SD-WAN platforms create hybrid networks that integrate broadband and other network services into the corporate WAN while maintaining the performance and security of real-time and sensitive applications.

SD-WAN with Application Aware Routing can measure and monitor the performance of multiple services in a hybrid network. It uses application routing to offer more granular control of where and when an application uses a specific service, allowing better use of the overall network.
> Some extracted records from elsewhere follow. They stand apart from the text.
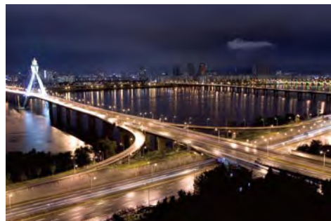
准专业级数码单反相机的成像质量
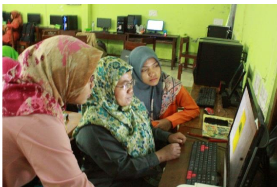
Gambar 5. Pendampingan pembuatan bigbook
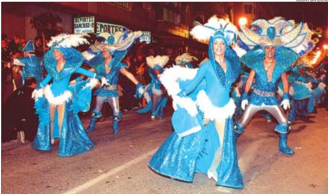
>> El grup de l'escola de dansa, en plena acció
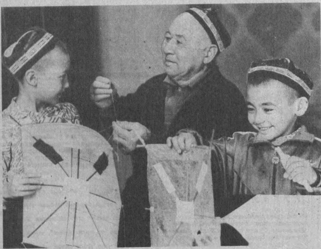
Уланимга баҳор келди. Бу фаслда айниқса маҳалларда яшайдиган болаларнинг қувончига қувонч қўшибди. Улар заррак учириб, олам-олам зами оладилар.
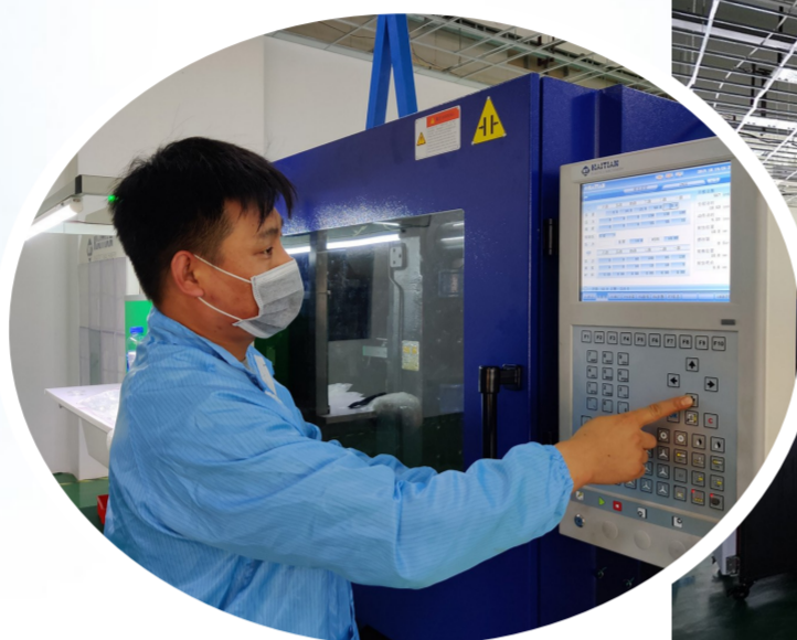
输入设备运行参数

谁在创新上先行一步，谁就能拥有引领发展的主动权。截至目前，贝尔光电先后获得了25项实用新型专利、6项发明专利。产品广泛应用于舞台灯、投影灯、TV背光、车灯等领域，与富士照明、绿源电动车、鸿佳电子等多家知名企业保持着长期良好合作关系。
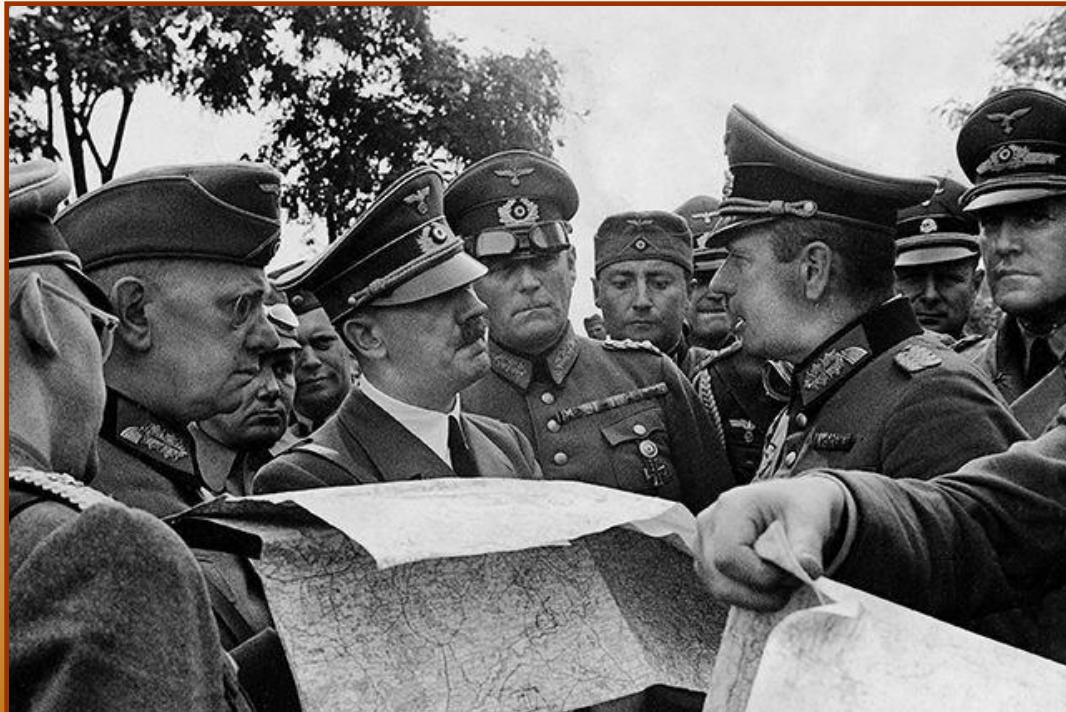
А.Гитлер инспектирует войска
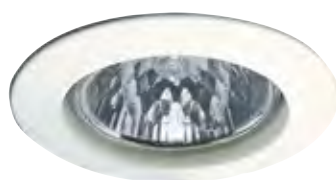
Bílá Biały Белый

max. 1x50 W <A++-E> incl. 1x50 W , <B> <B-D> incl. 4x35 W , <C> <B-D> 675 lm, 2900 K 4x430 lm, 2900 K <math>\sphericalangle</math> 38°, 1800 cd <math>\sphericalangle</math> 38°, 1100 cd incl. <math>\square</math> 60 VA <math>\triangle</math> incl. <math>\square</math> 150 VA <math>\triangle</math> EAN 4000870 179437 EAN 4000870 989326 EAN 4000870 993538 179.43 989.32 993.53
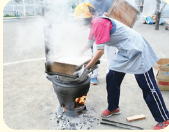
園庭で餅米をせいろで蒸して、臼に移します。
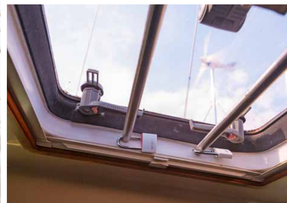
De luiken zijn met tralies beveiligd tegen inbraak.
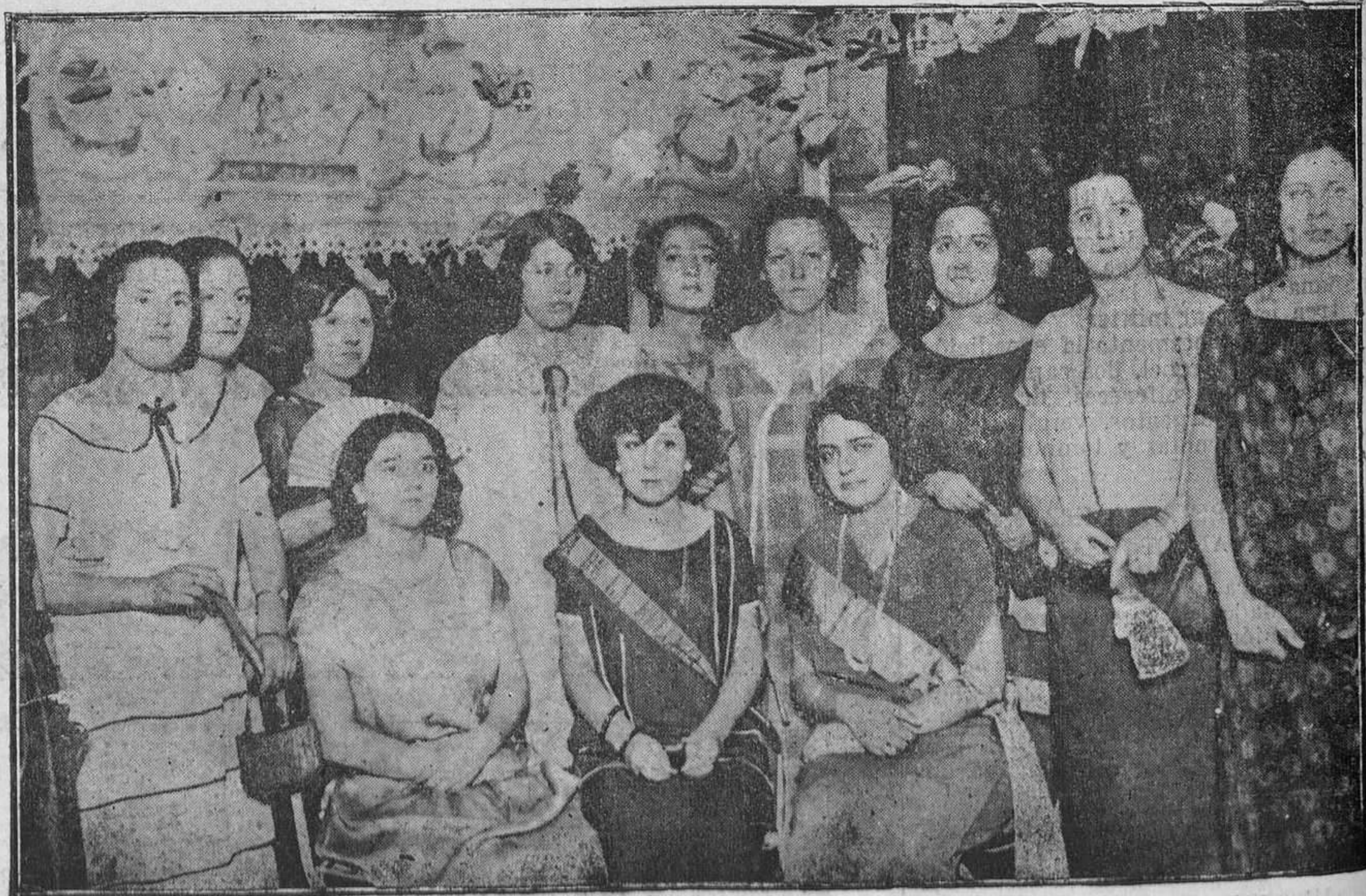
MADRID: CONCURSO DE BELLEZA EN LA KERMESSE DE LA VERBENA DE LA PALOMA.--La Reina de la Belleza y su Corte de Amor

Por lo tanto, y en bien principalmente de las personas mordidas, debe siempre que ello sea posible, cumplirse el artículo 165 de la Ley de epizootias, y cuando haya sido preciso matar al animal que mordió, se enviará cuanto antes, (porque, putrefacción avanzada dificulta o imposibilita el análisis) la cabeza a un laboratorio biológico, procurando, además, que se haga la autopsia completa por un veterinario, ya que algunas particularidades, como el encontrar cuerpitos extraños en el estómago del animal, la existencia en el mismo órgano de un líquido oscuro, parecido a la infusión de café, y la presencia en la mucosa gástrica y duodenal de equimosis, tienen tan gran valor, que, por sí solas bastarían para poder afirmar el diagnóstico de rabia, y en cualquier otro caso el profesor veterinario podrá encontrar datos que complementen el análisis micrográfico que practique el Laboratorio.
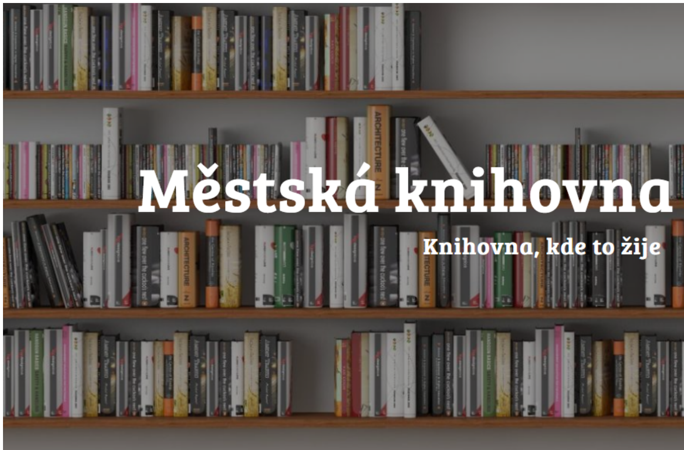
Obr. 5: Příklad mírně problematického textu umístěného na obrázkový podklad
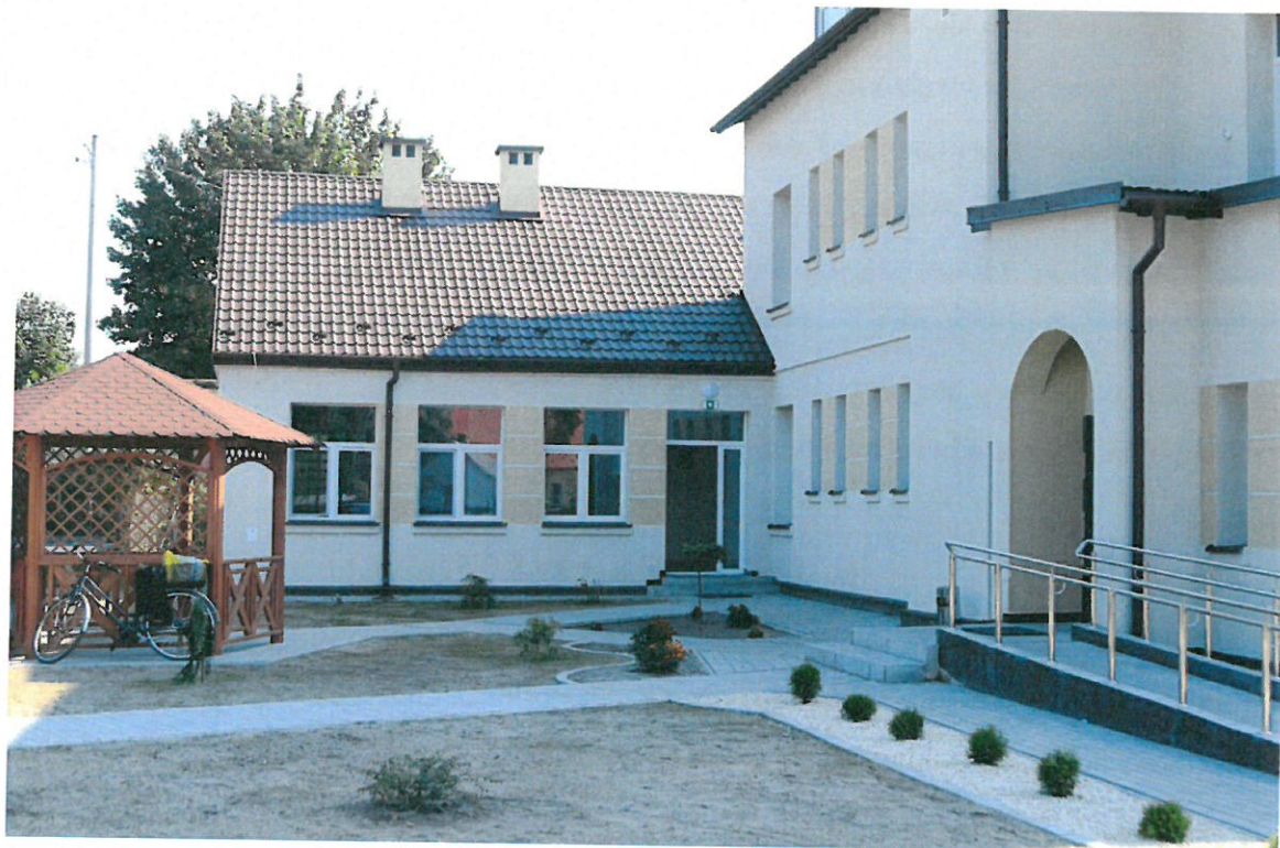
Nowa siedziba Środowiskowego Domu Samopomocy w Knapach

poprawiło jej warunki lokalowe – obecnie Dom spełnia wymagane prawem standardy. Ponadto dysponuje 3 pomieszczeniami dostosowanymi do pobytu całodobowego dla 6 uczestników.
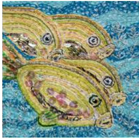
Alina Włodarz - Ryby , miniatura tkacka, 20 x 20 cm, 2019 r.
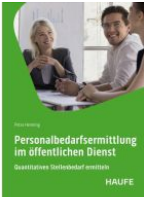
Personalbedarfsermittlung im öffentlichen Dienst Ladenpreis: 51,40EUR
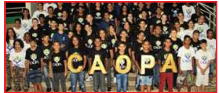
100 famílias serão beneficiadas
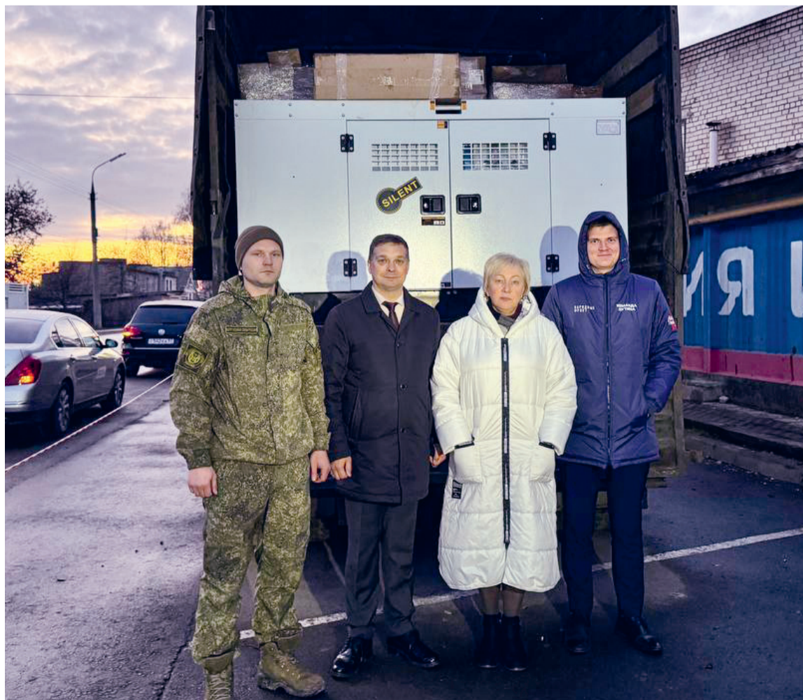
Гружённый ценным оборудованием КамАЗ готов к отправке в зону СВО

Some of the key benefits of SD-WAN include:

  • Reduced cost with transport independence across MPLS, 3G/4G LTE, and others.
  • Improve business application performance thanks to increased availability and agility.
  • Optimized user experience and efficiency with SaaS and public cloud applications.

SD-WAN has 4 objects:

  • SD-WAN zones

    SD-WAN is divided into zones. SD-WAN member interfaces are assigned to zones, and zones are used in policies as source and destination interfaces. You can define multiple zones to group SD-WAN interfaces together, allowing logical groupings for overlay and underlay interfaces. See SD-WAN zones.

  • SD-WAN members

    Also called interfaces, SD-WAN members are the ports and interfaces that are used to run traffic. At least one interface must be configured for SD-WAN to function; up to 255 member interfaces can be configured. See Configuring the SD-WAN interface.

  • Performance SLAs

    Also called health-checks, performance SLAs are used to monitor member interface link quality, and to detect link failures. They can be used to remove routes, and to reroute traffic when an SD-WAN member cannot detect the server. They can also be used in SD-WAN rules to select the preferred member interface for forwarding traffic. See Factory default health checks, Performance SLA - link monitoring, and Performance SLA - SLA targets.

  • SD-WAN rules

    Also called services, SD-WAN rules are used to control path selection. Specific traffic can be dynamically sent to the best link, or use a specific route. There are five modes:

    • auto: Assign interfaces a priority based on quality.
    • manual: Assign interfaces a priority manually.
    • priority: Assign interfaces a priority based on the link-cost-factor quality of the interface.
    • sla: Assign interfaces a priority based on selected SLA settings.
    • load-balance: Distribute traffic among all available links based on the load balance algorithm.

    See Implicit rule, SD-WAN rules - best quality, SD-WAN rules - lowest cost (SLA), and SD-WAN rules - maximize bandwidth (SLA).